Will there be new staff?

Normally, the only change is at senior management level, where a small team will step in. As when private firms used to take over franchises, the overwhelming majority of actual employees – and certainly all frontline staff, such as drivers, crew and station staff – remain the same.

In some instances, such as with LNER – the new name given when the OLR took over Virgin East Coast in 2018 – even the managing director has remained in place. However, given the breakdown in industrial relations, wider management changes might be expected at TransPennine Express.

Who else does the OLR control and why?

It runs LNER, Northern and Southeastern. It took over the east coast line for a second time in 2018 when Virgin said its losses were too great to continue operating, having already stepped in successfully from 2009-15 when National Express handed back the keys in similar circumstances.

The OLR took over Northern trains in 2020, when the service was on the brink of operational and financial collapse just before Covid struck – a moment that saw the government rip up rail franchises rather than take over the entire system directly, issuing new contracts to other private firms.

Southeastern was taken over in 2021 in very different circumstances, when the government uncovered long-term financial mismanagement – referred to the Serious Fraud Office – at the Go-Ahead-owned firm. Last year Go-Ahead set aside about £80m to cover fines arising from the accounting scandal.

Have performances improved under the OLR?

Sometimes, yes: proponents of nationalisation say less money is sucked out of the system to shareholders (let alone fraud), and unions and staff appear to have had less poisonous relations with senior managers. LNER appears to have had more flexibility than other firms in recent years to trial innovations such as ticketing changes.

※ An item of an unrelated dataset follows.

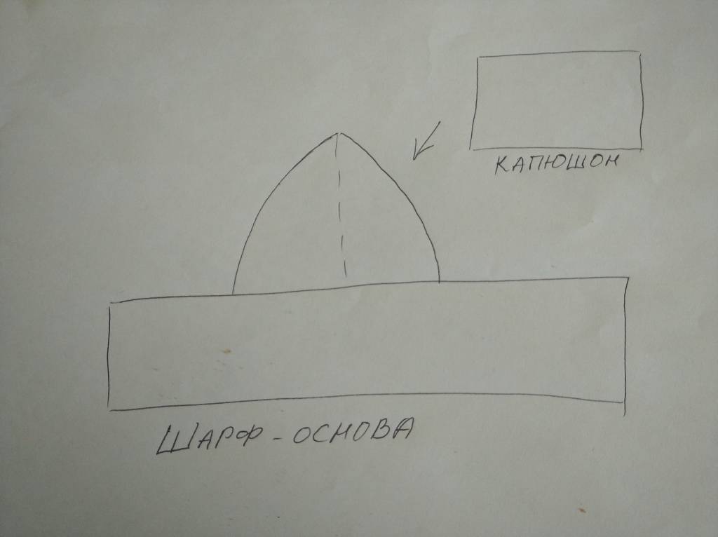 Перед тем как завязать первый узел, необходимо осуществить выкройку шарфа капюшона. Если вы опытная рукодельница, то данный этап вы можете пропустить.

In the case of TransPennine Express, while ministers have said the move is “no silver bullet”, they and others hope that a “reset” will help industrial relations and ease the path to rest-day working, which would significantly improve services.

Which rail networks could be next?

The most obvious contender would be Avanti West Coast, another FirstGroup-owned operator, which has twice been given short contract extensions since last autumn. It was warned to improve services after cutting its schedules last summer amid a similar record of cancellations and delay, although it has since performed markedly better than TransPennine Express.

Labour has promised to bring all passenger train operations into state hands when future contracts lapse, should it come to power in the next general election.